Project description:Every human cognitive function, such as visual object recognition, is realized in a complex spatio-temporal activity pattern in the brain. Current brain imaging techniques in isolation cannot resolve the brain's spatio-temporal dynamics, because they provide either high spatial or temporal resolution but not both. To overcome this limitation, we developed an integration approach that uses representational similarities to combine measurements of magnetoencephalography (MEG) and functional magnetic resonance imaging (fMRI) to yield a spatially and temporally integrated characterization of neuronal activation.

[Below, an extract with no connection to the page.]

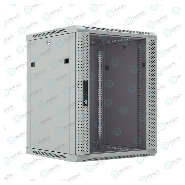 Шкаф настенный 19", 15U, 775x600х600мм, стеклянная дверь, серый, DANNMAN WXP1566GGY
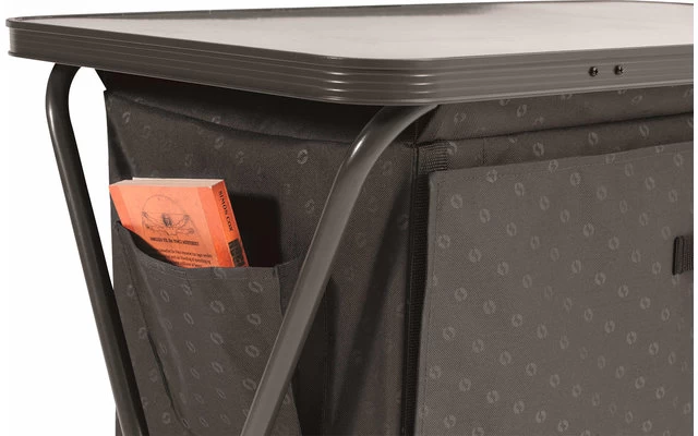 Praktisch, leicht aufzubauender Schrank mit einem Aluminiumgestänge, welches für hervorragende Stabilität sorgt. Die robuste, herunterklappbare Tür mit Griff bietet einen geräuscharmen nutzbaren Stauraum wie zu Hause. In der Tür ist ein Magnetverschluss eingearbeitet. Der Schrank beinhaltet zwei große Fächer, wo Sie ihre Utensilien unterbringen können. Ebenso befindet sich an der Seite eine Organiser-Tasche für zusätzlichen Stauraum. An seitlichen Haken lassen sich ohne Probleme mehrere Handtücher oder ähnliches, anbringen.

Applying this approach to 2 independent MEG-fMRI data sets, we observed that neural activity first emerged in the occipital pole at 50-80 ms, before spreading rapidly and progressively in the anterior direction along the ventral and dorsal visual streams. Further region-of-interest analyses established that dorsal and ventral regions showed MEG-fMRI correspondence in representations later than early visual cortex. Together, these results provide a novel and comprehensive, spatio-temporally resolved view of the rapid neural dynamics during the first few hundred milliseconds of object vision. They further demonstrate the feasibility of spatially unbiased representational similarity-based fusion of MEG and fMRI, promising new insights into how the brain computes complex cognitive functions.